The Oklahoman doesn’t mention a key reason why Colorado, which has spent incredible amounts of money on “teacher quality” initiatives, faces growing problems in filling their classrooms. That state has been in the forefront of the Gates Foundation’s and the federal government’s campaigns to use experimental, outcomes-driven teacher evaluations to “build a better teacher.” The theory was that the identification and termination of the bottom-performing 5 to 10 percent of teachers, as well as data-driven professional development, would produce “transformative” change.

Colorado Democrat, Sen. Michael Bennet, the non-educator who ran the Denver Public Schools, is symbolic of the ideological nature of corporate school reform. He liked to say, “The examined life is not worth living,” as he rushed ahead, heedless of what he didn’t know that he didn’t know about classroom instruction.

Bennet attacked the concept of career teachers. He wanted an incentive system where young teachers burned themselves out for 7 to 9 years in order to produce transformative change. His multi-million dollar experiments helped form the basis of Arne Duncan’s multi-billion dollar debacles, such as the RttT, the SIG, and “incentivizing” states to incorporate test score growth into teacher evaluations.

These slapped together corporate reforms almost certainly helped drive veteran teachers out of the profession. They encouraged the labeling of career teachers, who opposed teach-to-the-test, as “culture killers;” Baby Boomers and their higher salaries were often “exited” in mass. As we should have always known would happen, high-stakes testing grew more oppressive, and it almost certainly reduced the effectiveness of the profession as a whole.

When the Oklahoma legislature went along with the pressure to codify the reformers’ untested theories on test-driven teacher evaluations into law, I was struck by the number of senators who were carrying a New Yorker article, “The Rubber Room” by non-educator Steve Brill.
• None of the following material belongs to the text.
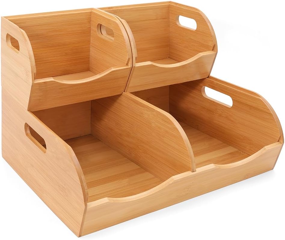 3-Piece Stackable Bamboo Pantry Baskets for Potatoes & Onions

Brill argued for replacing veteran teachers, who supposedly refuse to do “whatever it takes” to overcome the effects of the poverty and trauma that our poorest kids bring to school. His hyperbolic attack on unions included the claim that “value-added” statistical models could provide a valid measure of teacher effectiveness, and a tool for speeding up the dismissal of “bad” teachers.

Brill’s subsequent book, Class Warfare, argued for the recruiting of young teachers with superhuman intensity and who would accept “No Excuses!” The hero of his morality play was Jessica Reid, the most determined person that Brill had ever met. The tale’s inspiring conclusion was undermined, however, when the 28-year-old quit in exhaustion.

It’s now clear that the “teacher quality” gamble failed, and even Oklahoma repealed the value-added portion of the teacher evaluation law we were coerced into passing. But today’s educators carry the burden of the damage it did to teaching and learning. My students who attended the elementary schools that can’t find teachers complained that they had been robbed of an education by bubble-in testing. They had to endure soul-killing rote instruction that produced in-one-ear-and-out-the-other “learning.”

Today’s inexperienced, exhausted, and underpaid teachers struggle to inspire students who often have been taught to hate school. Even if Oklahoma finally raises salaries, it will take years to undo the harm done by corporate school reform.